You wanna talk about faith? Try trusting anything around you when everything around you, including your own body, seems to be working against you.
Even as I pour this second cup, standing here, trying to not put too much weight on one side, or the other, I feel as if knives are being pushed through my knee caps, while an angry construction worker sledge hammers on the sides of them.
“Lord, this pain!” I keep hollering.
But, no relief comes; no answer.
“Lawd”, I says, “How am I supposed to go see about my Momma? How am I supposed to look out for those grand babies and I’m feeling all broke down? How am I to do anything within my purpose if I don’t feel like doing anything at all? What about my finances?”
Still, no relief. Still, no answer
But, I’m a soldier. No, I never formally enlisted in the U.S.Military. But, my whole life was something like war. Shards of emotional shrapnel are embedded in places that a doctor cannot get to. I’ve never left a soldier behind. But, the same soldiers that I helped to safety, left me behind once they got there, leaving me to finish my own fight, sustained only by God, and faith.

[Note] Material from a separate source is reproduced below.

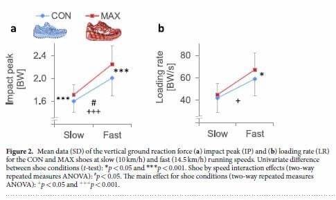 Autoři zjistili, že vysoce odpružené maximalistické boty mění mechaniku běhu podobnou pružině a spíše zesilují, než tlumí nárazové zatížení. Tento překvapivý výsledek byl výraznější při vysoké rychlosti běhu (14,5 km/h), kde byl vrchol nárazové síly země a rychlost zatížení o 10,7 % a 12,3 % vyšší v maximalistické botě ve srovnání s běžnou botou, zatímco jen nepatrně vyšší nárazová špička (6,4 %) byla zjištěna při rychlosti 10 km/h s maximalistickou botou.

Now, here I am, praying selfishly for the rain to come. Even if somebody out there is planning a BBQ, or a birthday party, I want God to open the heavens, and pour out rain.
A Healing Rain.
A self proclaimed soldier, a warrior, not praying for victory, or more weaponry, but rather enough strength to fight one more day. A prayer simple enough in it’s own right. But today, it’s what I need.
It’s funny how things change; our prayers change. I never thought that I’d be willing to do battle in the midst of the storm.
“Lord, take me through this storm!”
I used to pray to Him daily for that, and He sure enough brought me through victoriously!
Now, I’m all “Send the storm, Lord!” And, it just blows my mind.
“And we know that all things work together for good to them that love God, to them who are the called according to his purpose.” Romans 8:28
It’s working for my good. If I can just push pass the pain, and do that for which I am called, it’s gonna work for my good.
That’s faith… “Faith without works is dead”, right?
So, rain or shine, I’ve got to fight on. And, I’m hoping, no matter the conditions, that you continue your fight as well.